Bioinformatics tools will need to have the potential to confirm functionality changes of the underlying ecosystem (metatranscriptomics). Trend data analysis on different types of data are currently being performed to compare and match data sets where possible, leading to p-value estimations that can be evaluated and validated. This is achieved by performing additional functional metagenomics. Particular attention is being paid to the design of a correct sampling strategy and frequency.
This project, which is based at Applied Maths in Belgium, is focussed on applying and validating these tools using the metagenomics data of Caulerpa-associated bacteria, which has close links to project 6 based at the University of Ghent. Research underway will look at whether the algorithms and tools being developed can integrate with the existing BioNumerics software suite or will have to be developed as a standalone application. The integration or linking with a cloud or cluster environment is anticipated given the expected size of the data samples.

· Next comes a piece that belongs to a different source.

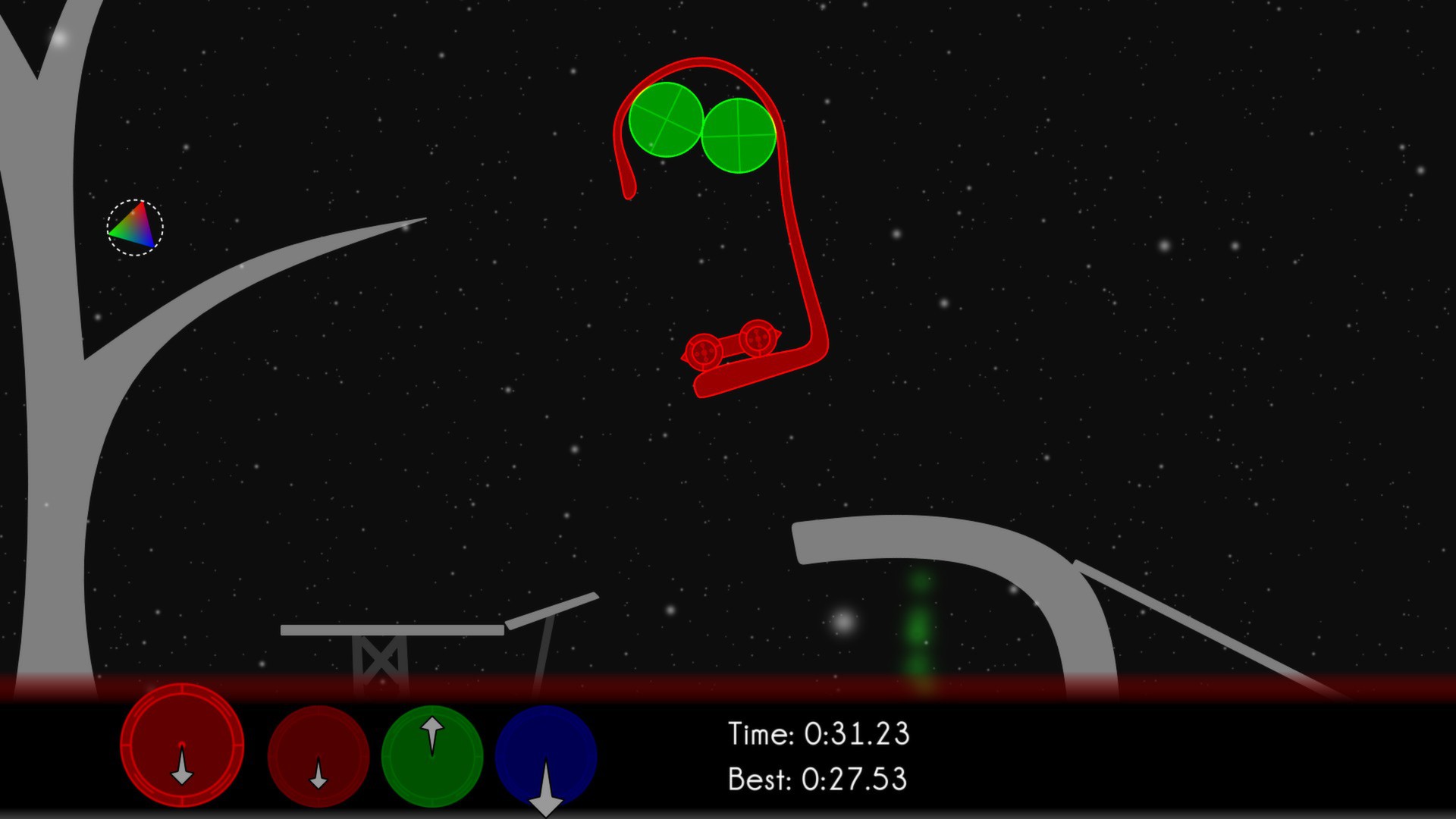 • Colour-based physics: Change your colour and manipulate each level's gravity to solve every puzzle. Primary colours have different gravities applied to them, and when combined form a secondary colour that takes the vector sum of that gravity.

Johannes Schicker has been appointed PhD researcher to this project. His work will focus on generating metatranscriptomics data for the biological material relating to the work of project 6. For a time, therefore, Johannes will be on secondment at the University of Ghent, and also VIB where projects 14 and 15 will develop bioinformatics tools specifically targeted at Eukaryotic (algal) data.
Overall, this project will aim to provide an improved insight into sample strategy management, along with software that can match multiple trend data analyses on different types of data collected on same samples: (partial) metagenomic sequences, compositional information and functional modifications over time.